Studio album by Joe Bonamassa
- Released: October 23, 2020
- Recorded: January 2020
- Studio: Abbey Road (London, UK)
- Genre: Blues rock
- Length: 53:09
- Label: J&R Adventures; Provogue;
- Producer: Kevin Shirley

Joe Bonamassa chronology
| Redemption (2018) | Royal Tea (2020) | Time Clocks (2021) |

= Royal Tea =

Royal Tea is the fourteenth solo studio album by American blues rock musician Joe Bonamassa. It was released on October 23, 2020, via J&R Adventures. It was recorded in January 2020 at Abbey Road Studios in London and produced by Kevin Shirley.

At the 64th Annual Grammy Awards held in 2022, the album has been nominated for a Grammy Award for Best Contemporary Blues Album, but lost to Christone "Kingfish" Ingram's 662.

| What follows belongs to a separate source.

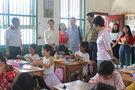 在浏阳市大瑶镇杨花完小,校领导观摩了实践队员们的支教课堂,询问了解当地小学生在Beat365学生支教实践活动中的收获与感受,随后与当地村镇干部、学校负责人和实践队员代表进行了座谈。在澄潭江镇槐树小学和张坊镇张坊中学,校领导一行先后参观了实践队的支教、调研成果展,观看了实践活动汇报演出。
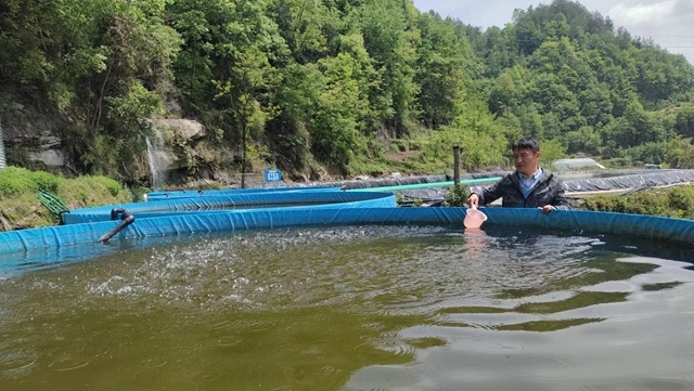 ?4月18日,筆者走進(jìn)云陽縣豐沃水產(chǎn)養(yǎng)殖有限公司基地,潺潺的溪流橫穿基地兩岸,水質(zhì)清澈見底。

The album was followed by a twelve-track live release, Now Serving: Royal Tea Live from the Ryman, which includes all songs from Royal Tea except "Savannah".

==Critical reception==

Royal Tea was met with generally favorable reviews from music critics. At Metacritic, which assigns a normalized rating out of 100 to reviews from mainstream publications, the album received an average score of 75, based on four reviews.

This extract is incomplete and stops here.